Occasionally, it may be that the person is unable to clearly express their wishes (due to incapacity) and the advocacy worker will try to get to know the person and any other significant people involved in the person’s life to build a picture of what the person is likely to want, based on past experience. Where there is a non- instructed element in advocacy provision, our role is to represent a person’s likely views as if they were our own and make sure that all possible options are explored on their behalf, challenging decisions or seeking justification, where necessary.
Older People
We run a project aimed specifically at meeting the needs of older people in residential care homes. (OPA –Old People’s Outreach Project). This project sits alongside our Citizen Advocacy for Older People (CAFOP) project which matches older, isolated individuals in care homes or the community with a volunteer advocate who will develop a trusting, personalised relationship with the older person and ensure, again, that the older person’s rights and wishes are respected. The volunteer will also help the older person to maintain meaningful links with the wider community.
Generic Advocacy
Advocacy for All (AFA) is our generic advocacy service and provides issue-based, short term advocacy via a trained volunteer. Together with the individual, the advocate explores varied and complex issues, including NHS complaints, care in the community issues, homelessness, access to care/carer assessments etc.

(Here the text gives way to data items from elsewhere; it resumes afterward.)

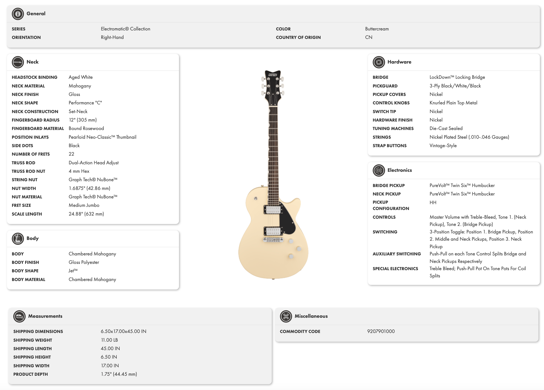 O LockDown locking bridge não só mantém a afinação estável, como maximiza a transferência de vibrações. Os afinadores die-cast e os knobs Gretsch Knurled Radio completam o pacote. A cor Buttercream dá-lhe um toque distinto que sobressai em palco ou em estúdio.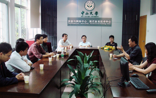 吴主任向我院考察组介绍了数字化校园建设的意义以及中山大学数字化校园建设的历程与经验,中大信息与网络中心信息管理部辛小霞老师介绍了校务管理系统的应用情况,该中心的技术人员演示了校务管理系统的各个子系统。我院考察组的同志根据学院的实际情况,就有关问题与中大信息与网络中心的人员进行了交流。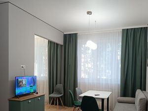 Кухня-гостиная и отдельная комната спальня с широкой кроватью с ортопедическим матрасом. Высокие потолки в 3 метра создают ощущение пространства и света. Окна выходят во двор, что гарантирует тишину и спокойствие.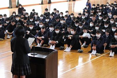 また、全校集会もあり、生徒指導面と保健指導面から話がありました。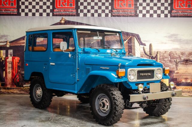LRA Auto Museum and Sales presents this 1980 Toyota FJ40 Land Cruiser that had been refurbished in Venezuela before it was imported to the US in 2019. Powered by a 4.2 Litre inline six, paired with a 4 speed manual transmission and a dual range transfer case.Additional features include fog lights, 15â³ steel wheels, an Old Man Emu steering stabilizer, manually locking front hubs, Vintage Air climate control, and rear jump seats. Service during current ownership is said to have consisted of reupholstering the seats in brown, installing a PerTronix ignition system, and replacing the carburetor, fuel tank, radiator, brake master cylinder, brake lines, and window regulators.Previously beige, the body of this FJ40 was removed during the refurbishment and refinished in turquoise with a white roof. The door seals, front indicators, and tail lights were also reportedly replaced at that time. Exterior details includeGray 15â³ steel wheels are mounted with LT235-15 Pirelli Campero tires, and a matching spare is mounted to a swing-out rear carrier. The truck is equipped with manually locking front hubs and an Old Man Emu steering stabilizer. Braking is provided by front discs and rear drums, and service during current ownership reportedly consisted of replacing the rear brake cylinders, brake lines and brake master cylinder. fog lights with yellow lenses, a folding windshield with hold-downs, and silver bumpers. The cabin features front bucket seats and inward-facing rear jump seats trimmed in brown upholstery along with matching door panel inserts and a black dash pad. Appointments include Vintage Air climate control, sun visors, and pop-out rear quarter windows. The three-spoke steering wheel frames a replacement 160-km/h speedometer as well as gauges for oil pressure, coolant temperature, amperage, and fuel level. The five-digit odometer shows 162 kilometersThis Toyota Land Cruiser is brand new and in mint condition and wont last long. Give us a call today at 2157813790 or email us at sales@lrasales.com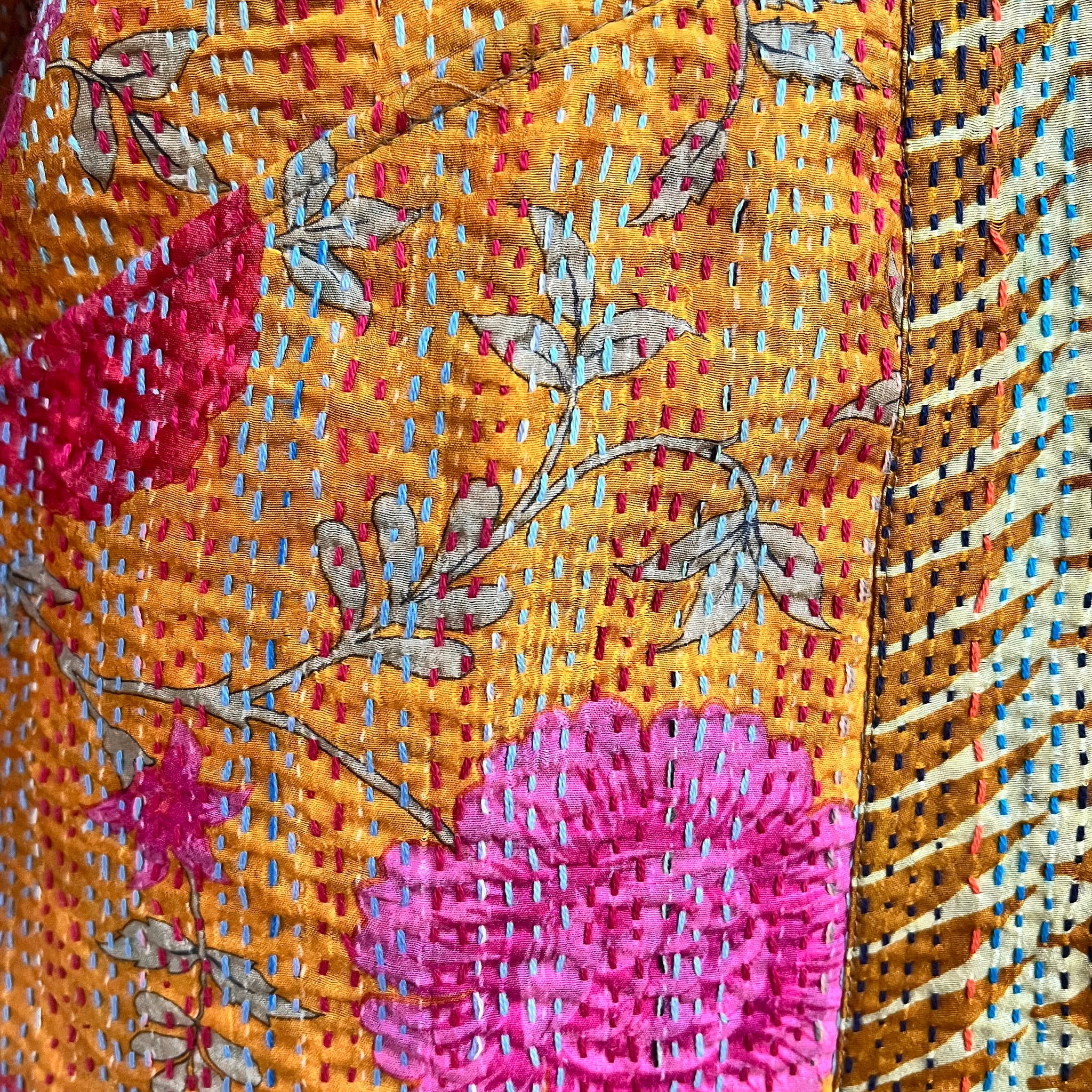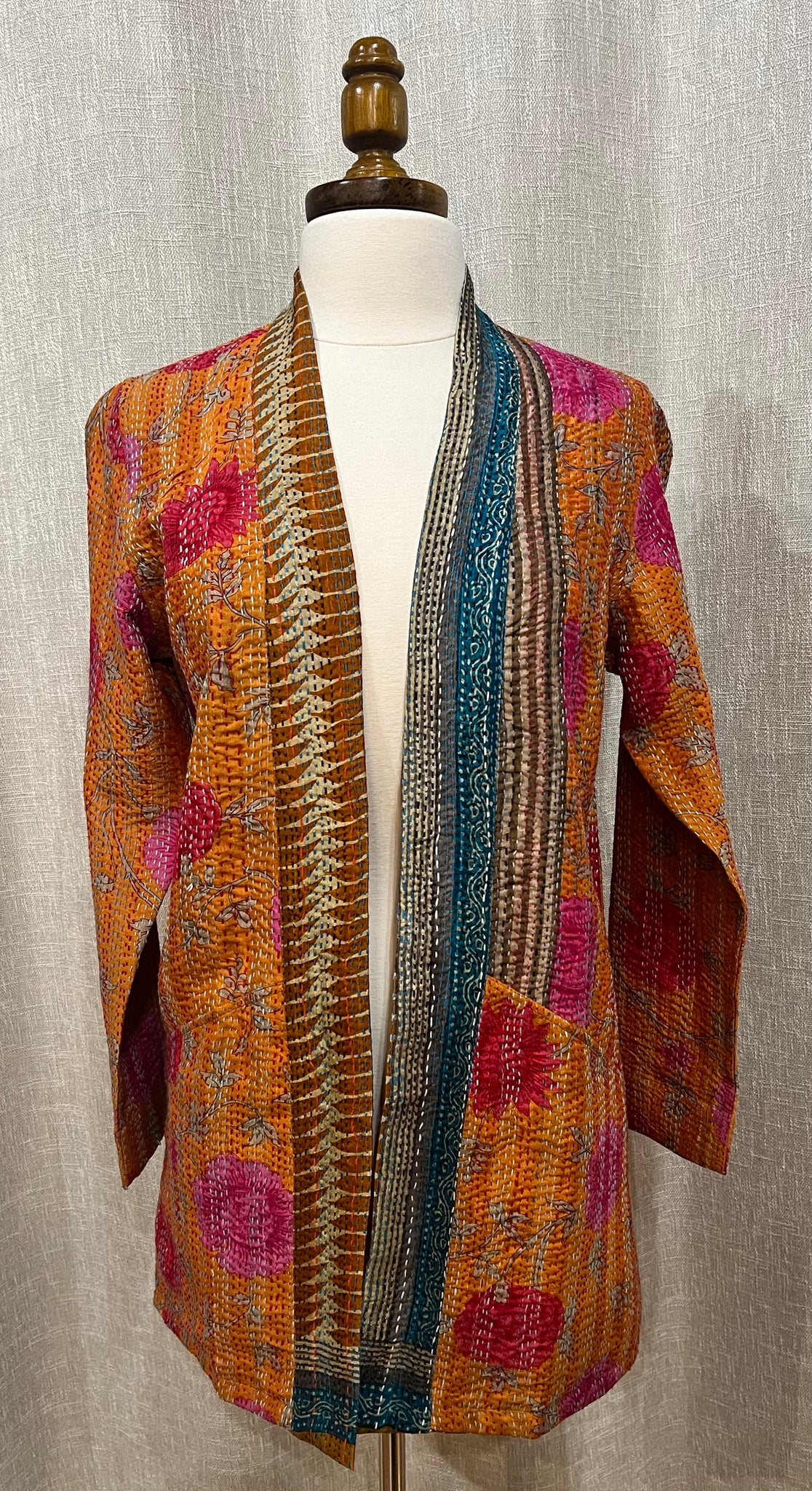 Saragossa is unique and colorful. We sell upcycled jackets in various styles. The fabric begins as recycled sarees from several Central Asian countries. The sarees are hand-stitched together to form kantha shawls. Then the shawls are used to create reversible jackets with an endless variety of colors and prints. And every jacket is just like Saragossa—entirely unique and colorful.
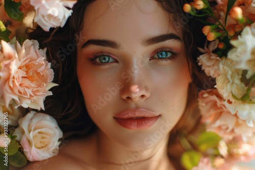 A person with a flower crown worn on the head
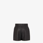 스트레이트 컷 쇼츠. 옆면의 사선 포켓. 컨실드 지퍼와 후크 잠금. 블랙 컬러의 부드러운 해머드 가죽 소재. 웨이스트에 엠보싱 셀러리아 마이크로 스티치 장식.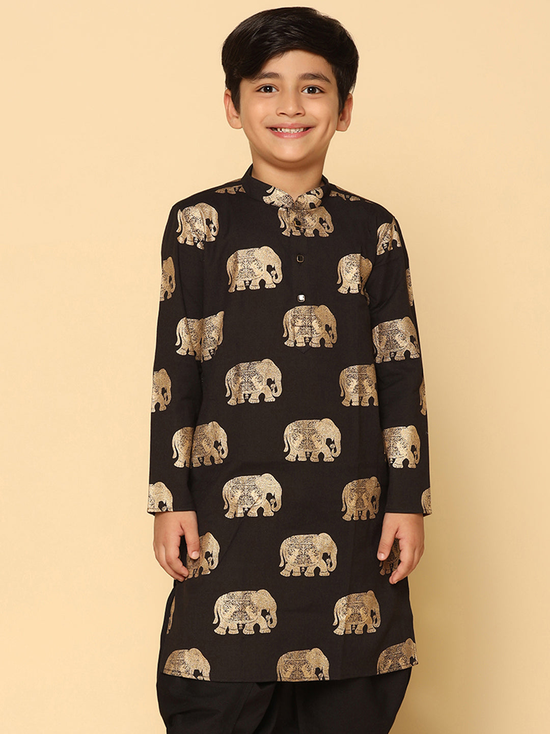 Featuring a printed design, this black cotton blend kurta is both stylish and comfortable. A regular fit makes it a great pick for casual outings.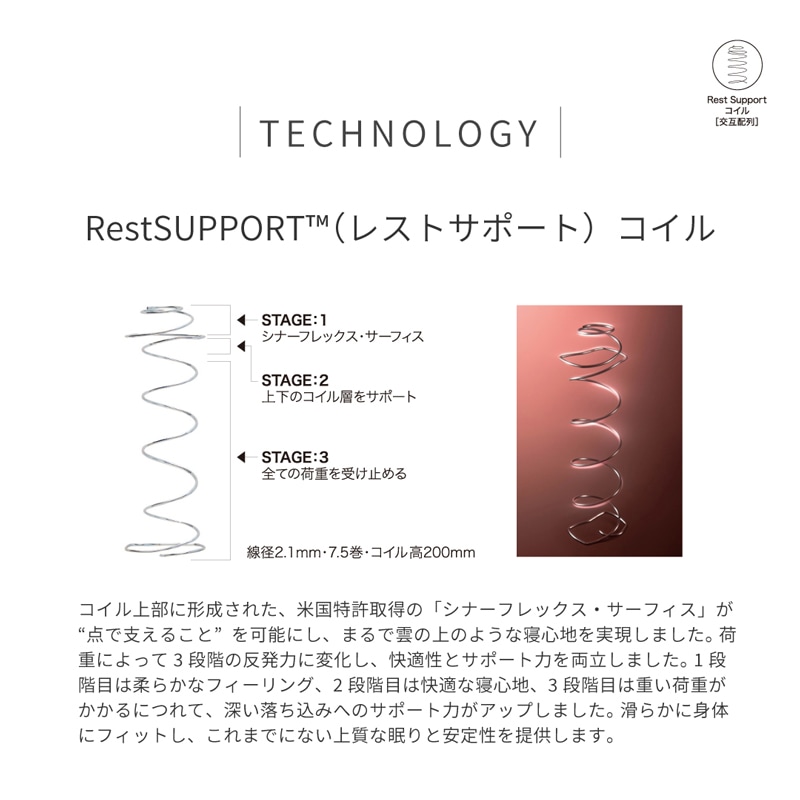 独自のレストサポートコイルによって、身体を面ではなく、【点で支えること】を可能にし、まるで雲の上のような寝心地を実現。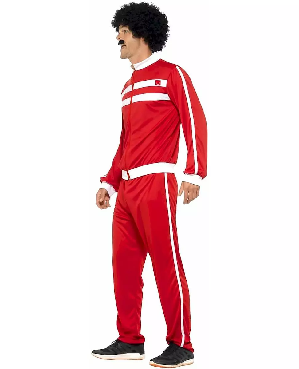 Hyll 80-tallet i denne retro-treningsdressen. Dette 80-tallskostymet for menn består av en jakke og bukser (parykk, bart og sko er ikke inkludert). Jakken er rød med hvite striper. Den lukkes med glidelås foran. Treningsbuksene er røde med en hvit stripe på siden. De har en elastisk midje. Dette kostymet vil være perfekt for å gi deg selv en 80-tallsfølelse til en retrofest. Inkludert tilbehør: Jakke Bukser Materiale: 100 % polyester Vedlikehold: Håndvask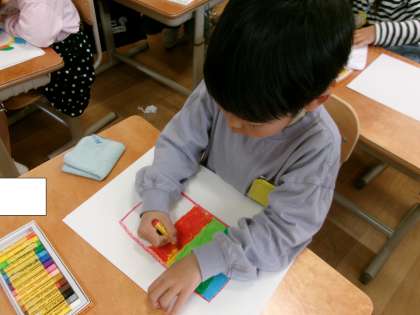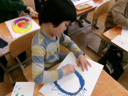 図画工作科の時間に、自分のオリジナルのおひさまを描きました。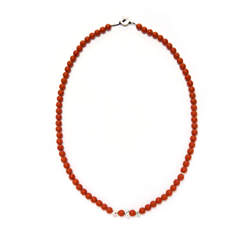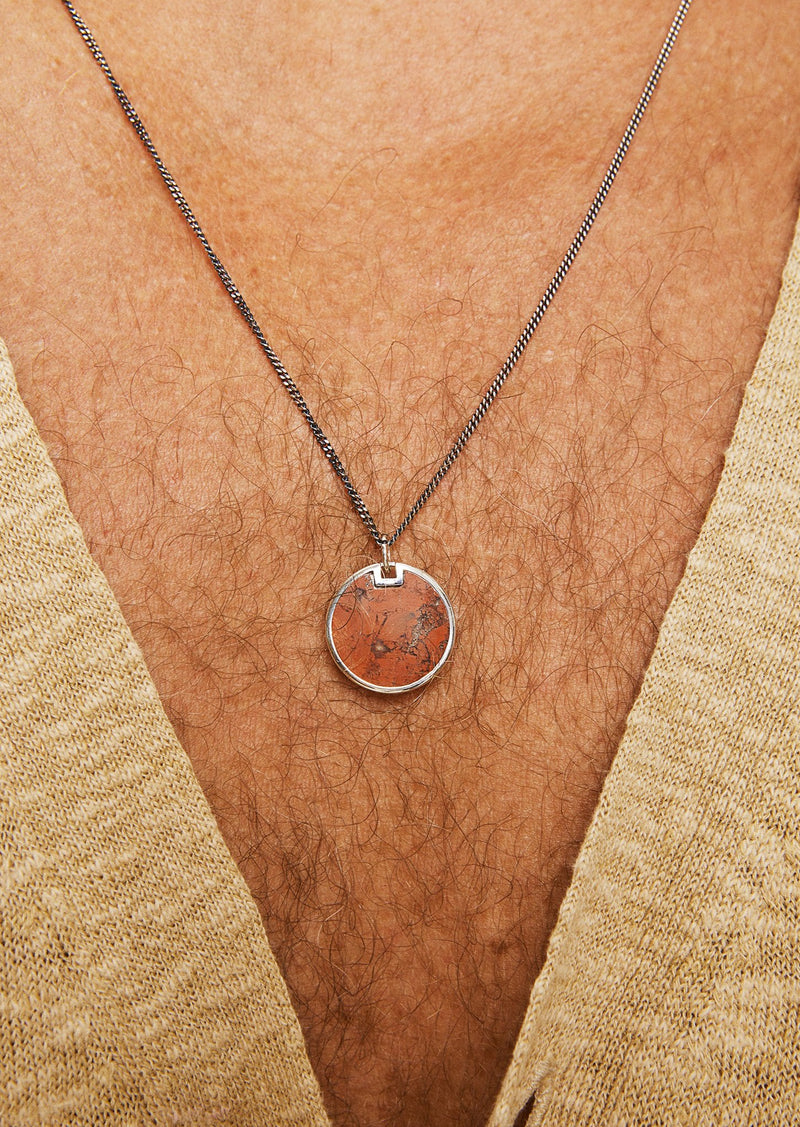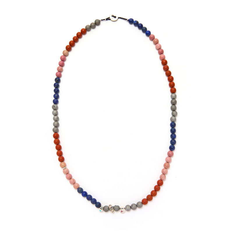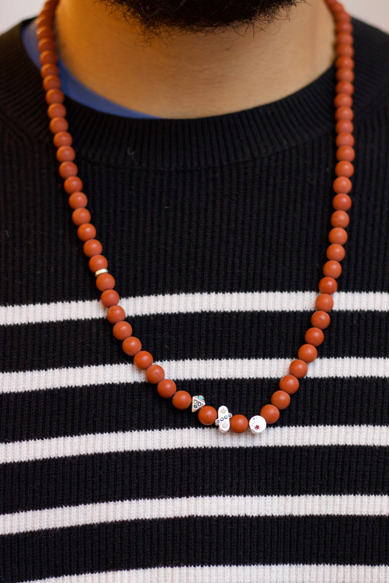 Poppy Jasper Bead, Black Diamond, and Sterling Silver Charm Necklace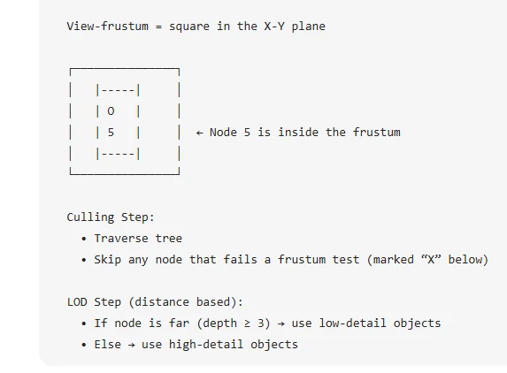 While traversing the tree, nodes that fail visibility and other criteria are skipped (culled). Nodes that pass are queried for their objects. This allows efficient population of objects in the universe.

In addition to all of these, we are currently piloting two very innovative projects, unique to the Scottish Borders and, indeed, Scotland:
Young People
Our first is a Peer Advocacy project based in Peebles High School which matches excluded or isolated young people with additional support needs with a 5th or 6th year peer advocate who will help them make the transition from Primary 7 to High School or High School to further education, working alongside each other to make the school experience more inclusive and promoting young people’s rights.
We hope to be able to develop this project further by expanding into more of the Region’s High Schools in the future.
Families
Secondly, we have a dedicated worker supporting the families and parents of young people who are subject to child protection measures, ensuring that the parents are fully informed, consulted and included in decisions affecting the care of their children, make the process less traumatic.
This is an area of work we feel is of particular value and hope to expand its scope to include working with children themselves, either where they are affected by child protection issues or are involved with the Children’s Reporter/Children’s Panel.